1. In each iteration, choose the sub-structure with the smallest E-value. Remove it and append it to the final sub-structure list SUB.

2. Remove any remaining sub-structure in both groups that only contains stems in this sub-structure.

3. Repeat the first step until all stems are covered by one chosen sub-structure or the E-values of all remaining sub-structures are bigger than a pre-determined cutoff (default is 1).

If SUB has not included all stems, we apply the same process to the long group and append the chosen sub-structures to SUB. We require all stems covered by the chosen sub-structures in order to ensure the representation of the annotated pseudoknot structure. It is possible that this constraint will exclude homologous ncRNAs that lack annotated stem loop structures. Currently, we use size 150 as the threshold to divide sub-structures into the short and the long group.

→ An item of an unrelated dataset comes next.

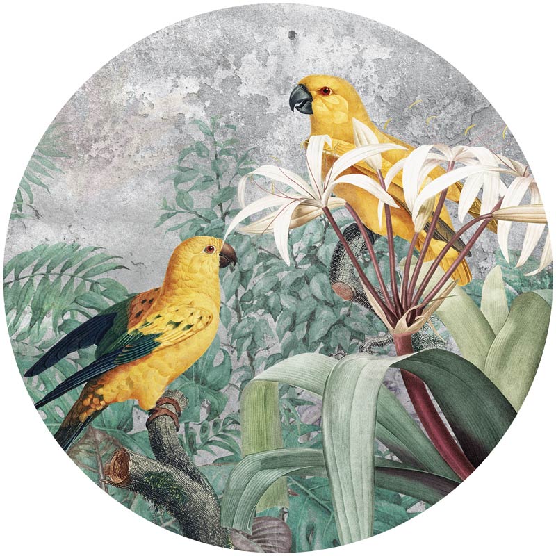 Behangcirkel met een aantal prachtige gekleurde papegaaien in de jungle.

For each sub-structure, we train an SCFG-based model based on the corresponding alignment in the training data using Infernal. Let the SCFGs trained from n sub-structures of an ncRNA family S U B = ( H 1 , . . . , H i , . . . , H n ) be Π = ( M 1 , . . . , M i , . . . , M n ) , where M i represents a single SCFG. A sequence can be classified into the corresponding family if the following conditions are satisfied. First, the sequence contains matches to all designed SCFGs in Π. SCFG match will be defined in the following text. Second, for every pair of strings that match two SCFGs, their position relationship must be consistent with the annotated relationship between two SCFGs in the underlying ncRNA family. There are three types of position relationship between two sub-structures: parallel, nested, and cross-over. Cross-over indicates existence of pseudoknots.

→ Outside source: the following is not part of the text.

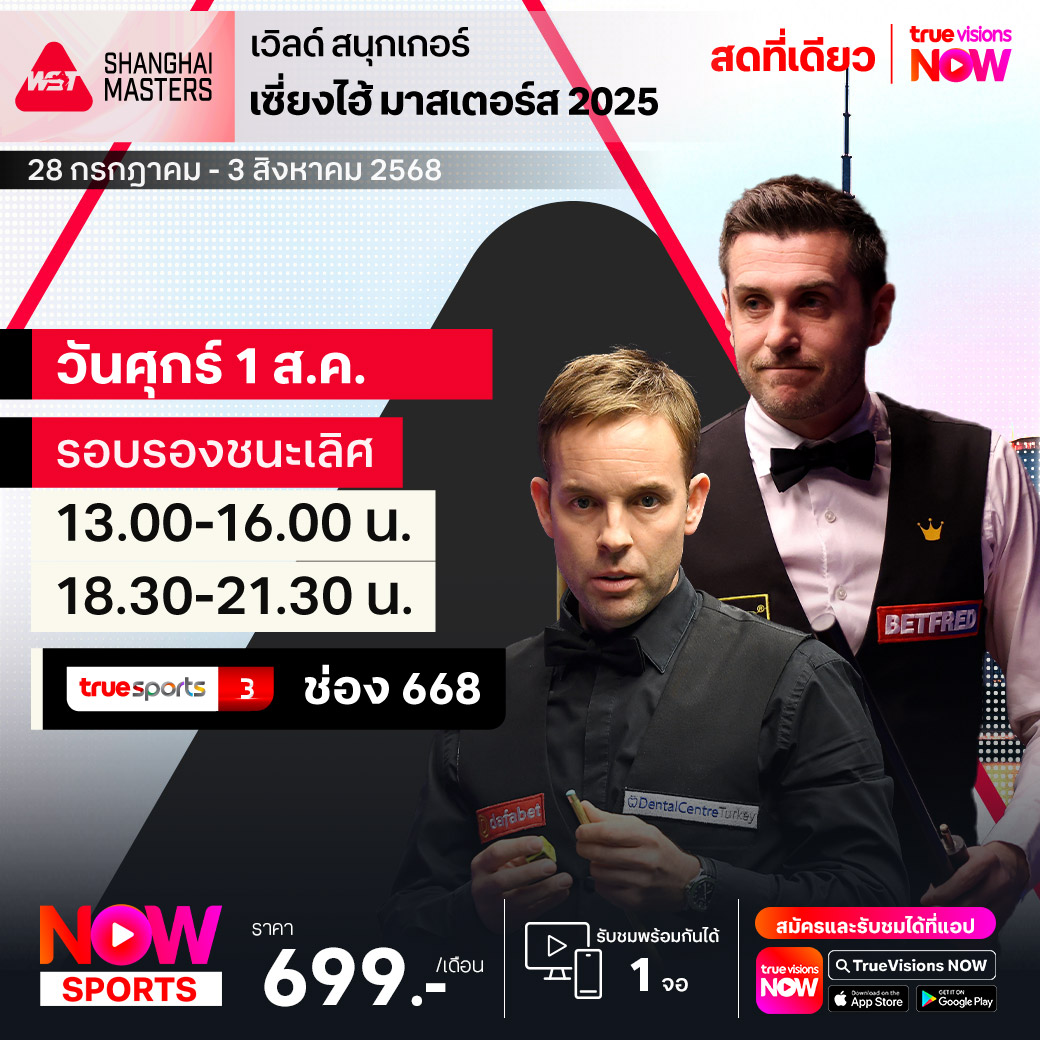 เปิดฤดูกาลใหม่ 2025/26 อย่างเป็นทางการแล้ว สำหรับ เวิลด์ สนุกเกอร์ ทัวร์ แฟนๆ กีฬาสอยคิวจะได้สัมผัสเกมที่สนุก ตื่นเต้น และเร้าใจ กับการออกคิวของสุดยอดมือระดับโลกที่มาลุ้นแชมป์กันอย่างคับคั่ง เปิดหัวกันด้วยรายการ เซี่ยงไฮ้ มาสเตอร์ส 2025 จากนครเซี่ยงไฮ้ ประเทศจีน ปีนี้เจ้าภาพระดมเอามือดีที่สุดที่แฟนๆ ชื่นชอบมาวัดฝีมือกัน ทั้งแชมป์โลกและมือท็อปของ เวิลด์ แรงกิ้ง ชมสด เอ็กซ์คลูซีฟ ครบทุกเฟรม ทุกรอบ ที่เดียวที่ ทรูวิชั่นส์

We determine SCFG match using score thresholds. For all sequences in the training set, its alignment score with a given SCFG is computed. The minimum score of all the seed sequences is used as the score threshold. This score cutoff is similar to the NC (trusted cutoff) bit score thresholds used in HMMER [23] or Infernal. When the training data contains a good representation of the family member sequences, the computed score threshold can ensure a high sensitivity during homology search. If the training set only contains close homologs of this ncRNA family, the designed cutoff may be too high for remotely related homologs.

Experimental results

In order to test the performance of our tool for pseudoknot search in sequence databases, we conducted two experiments. First, we examined the automatically classified pseudoknot sequences in Rfam. Second, we applied it to part of the Maize genome. On the same data set, we compared our tool with RNAv, RNATOPS, and Infernal.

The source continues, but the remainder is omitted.